__Brief__:
Your answer should consist only of the lines below from the one with "Personnalisez avec votre" through the one with "Entre los votos", copied exactly.

__Given records__:
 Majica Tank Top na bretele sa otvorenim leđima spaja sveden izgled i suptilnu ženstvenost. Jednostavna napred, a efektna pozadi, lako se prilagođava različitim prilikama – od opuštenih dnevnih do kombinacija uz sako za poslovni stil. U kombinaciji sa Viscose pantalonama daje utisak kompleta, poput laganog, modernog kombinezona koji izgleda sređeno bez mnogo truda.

* * *

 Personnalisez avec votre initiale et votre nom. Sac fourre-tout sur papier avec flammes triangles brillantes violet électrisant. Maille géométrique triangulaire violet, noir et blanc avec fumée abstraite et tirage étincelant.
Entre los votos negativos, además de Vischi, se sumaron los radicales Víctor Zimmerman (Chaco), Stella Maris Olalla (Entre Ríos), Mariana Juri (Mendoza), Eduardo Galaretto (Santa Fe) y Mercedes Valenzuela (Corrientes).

---

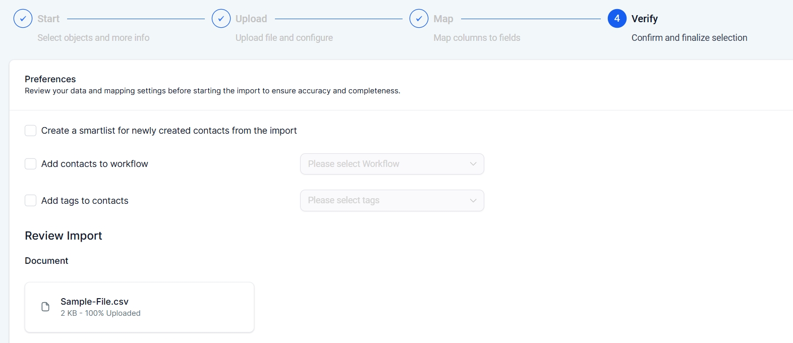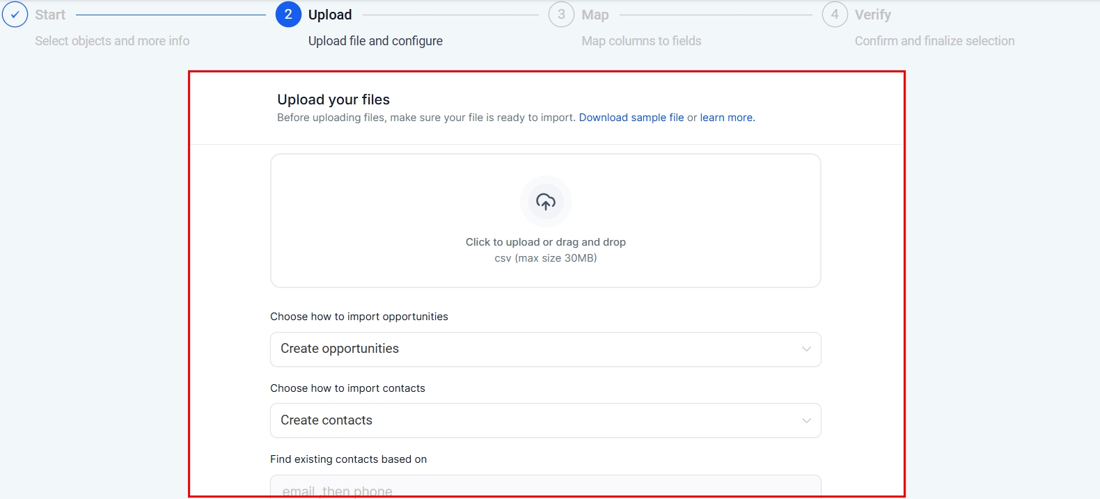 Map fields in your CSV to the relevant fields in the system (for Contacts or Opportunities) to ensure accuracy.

__Solution for this exercise__:
 Personnalisez avec votre initiale et votre nom. Sac fourre-tout sur papier avec flammes triangles brillantes violet électrisant. Maille géométrique triangulaire violet, noir et blanc avec fumée abstraite et tirage étincelant.
Entre los votos negativos, además de Vischi, se sumaron los radicales Víctor Zimmerman (Chaco), Stella Maris Olalla (Entre Ríos), Mariana Juri (Mendoza), Eduardo Galaretto (Santa Fe) y Mercedes Valenzuela (Corrientes).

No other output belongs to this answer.